Complementary Technologies
The democratization of RPA doesn’t happen in isolation—it’s enabled by and connected to other emerging technologies:
- Process mining and discovery tools that automatically identify automation opportunities
- AI and machine learning capabilities that handle unstructured data and make decisions
- Low-code application platforms that extend RPA capabilities into full applications
- Integrated automation platforms that combine multiple automation technologies
Implementation Roadmap: Your Path to Democratized RPA
Ready to empower business users with automation capabilities?
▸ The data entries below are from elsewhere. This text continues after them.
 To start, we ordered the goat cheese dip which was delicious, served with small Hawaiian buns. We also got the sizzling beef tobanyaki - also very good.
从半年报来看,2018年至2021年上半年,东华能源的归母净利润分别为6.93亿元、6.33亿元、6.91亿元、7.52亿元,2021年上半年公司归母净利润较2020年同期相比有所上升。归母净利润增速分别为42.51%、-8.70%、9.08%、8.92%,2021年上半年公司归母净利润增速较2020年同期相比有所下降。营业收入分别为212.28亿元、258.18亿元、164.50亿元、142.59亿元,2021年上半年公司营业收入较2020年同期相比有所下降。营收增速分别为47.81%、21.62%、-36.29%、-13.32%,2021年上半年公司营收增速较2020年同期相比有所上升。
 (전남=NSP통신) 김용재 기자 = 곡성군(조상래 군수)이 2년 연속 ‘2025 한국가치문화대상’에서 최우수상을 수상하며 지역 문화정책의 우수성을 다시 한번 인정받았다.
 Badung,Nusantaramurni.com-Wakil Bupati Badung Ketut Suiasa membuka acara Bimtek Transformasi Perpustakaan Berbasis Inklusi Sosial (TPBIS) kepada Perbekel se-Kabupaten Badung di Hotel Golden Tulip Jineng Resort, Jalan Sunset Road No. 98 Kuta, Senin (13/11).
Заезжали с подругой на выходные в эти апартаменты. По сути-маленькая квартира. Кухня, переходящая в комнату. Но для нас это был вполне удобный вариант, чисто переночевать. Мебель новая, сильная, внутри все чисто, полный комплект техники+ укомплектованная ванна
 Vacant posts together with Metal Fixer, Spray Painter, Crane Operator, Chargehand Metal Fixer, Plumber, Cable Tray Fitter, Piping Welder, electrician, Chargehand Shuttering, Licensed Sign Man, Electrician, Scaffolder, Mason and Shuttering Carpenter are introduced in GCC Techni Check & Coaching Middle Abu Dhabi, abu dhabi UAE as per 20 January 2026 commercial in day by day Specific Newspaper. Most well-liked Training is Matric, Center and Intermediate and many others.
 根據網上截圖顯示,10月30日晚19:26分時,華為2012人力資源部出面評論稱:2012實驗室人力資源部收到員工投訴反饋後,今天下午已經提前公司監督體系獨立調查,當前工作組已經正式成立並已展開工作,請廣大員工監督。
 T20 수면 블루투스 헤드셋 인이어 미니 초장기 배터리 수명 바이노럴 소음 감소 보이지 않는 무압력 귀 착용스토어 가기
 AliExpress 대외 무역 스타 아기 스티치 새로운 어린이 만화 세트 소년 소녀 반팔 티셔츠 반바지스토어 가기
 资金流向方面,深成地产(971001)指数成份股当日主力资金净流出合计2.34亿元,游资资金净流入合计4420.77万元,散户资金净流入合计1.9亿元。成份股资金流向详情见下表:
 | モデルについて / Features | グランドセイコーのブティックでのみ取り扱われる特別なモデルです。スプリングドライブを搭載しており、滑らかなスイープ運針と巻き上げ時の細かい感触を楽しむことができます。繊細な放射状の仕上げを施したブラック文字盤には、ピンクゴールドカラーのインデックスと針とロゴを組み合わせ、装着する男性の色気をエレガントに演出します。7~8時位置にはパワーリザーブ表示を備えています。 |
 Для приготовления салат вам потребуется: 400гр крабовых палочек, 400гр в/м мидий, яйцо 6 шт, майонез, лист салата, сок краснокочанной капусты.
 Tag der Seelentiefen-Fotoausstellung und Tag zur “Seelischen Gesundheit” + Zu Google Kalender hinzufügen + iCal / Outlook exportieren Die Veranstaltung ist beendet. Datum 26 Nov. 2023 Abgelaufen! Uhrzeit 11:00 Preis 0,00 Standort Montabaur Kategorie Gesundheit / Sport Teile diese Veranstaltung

Here’s a practical roadmap:
1. Start with the Right Foundation
- Technology selection: Choose platforms designed for business users
- Executive sponsorship: Secure leadership buy-in for culture change
- Success metrics: Define how you’ll measure democratization impact
2. Build Your Center of Excellence (CoE)
An effective CoE for democratized RPA typically includes:
- Governance framework: Policies, standards, and security controls
- Training program: Both technical and process design skills
- Support structure: How citizen developers get help when needed
- Component library: Reusable automation building blocks
“The most successful Centers of Excellence evolve from gatekeepers to enablers,” observes Thomas Jenkins, Global Intelligent Automation Leader at PwC. “They focus less on controlling every automation and more on creating an environment where secure, efficient automation can flourish.”
3. Select the Right Initial Use Cases
Not all processes are suitable for citizen developers. Start with:
- Medium complexity: Not too simple or too complex
- Limited system integrations: Fewer connection points mean fewer complications
- Clear business value: Visible benefits build momentum
- Enthusiastic process owners: Champions who will evangelize success
4. Scale Strategically
As your program matures:
- Expand training: Move from pilot group to broader audience
- Recognize success: Celebrate and reward automation innovations
- Measure and adjust: Track key metrics and refine your approach
- Create communities: Foster knowledge sharing and collaboration
The Future of Work: Automation for All
The democratization of RPA represents more than a technological shift—it’s a fundamental rethinking of who participates in digital transformation. As RPA platforms continue to evolve, the technical barriers will continue to fall. Natural language processing, AI assistance, and increasingly intuitive interfaces will make building automations as common a business skill as using spreadsheets or creating presentations.
“We’re moving toward a future where automation is simply part of everyone’s toolkit,” says Dr. Alicia Thornton, Future of Work researcher at MIT. “Just as digital literacy became essential in the past decades, automation literacy will be a core competency for the workforce of tomorrow.” Organizations that embrace this shift—empowering their people with the tools to automate their own work—will gain not just efficiency but agility, innovation, and employee engagement. Those that cling to centralized, IT-driven automation models risk falling behind in an increasingly competitive landscape.
The question is no longer whether to democratize RPA, but how quickly and effectively you can put the power of automation into the hands of those who know your business best.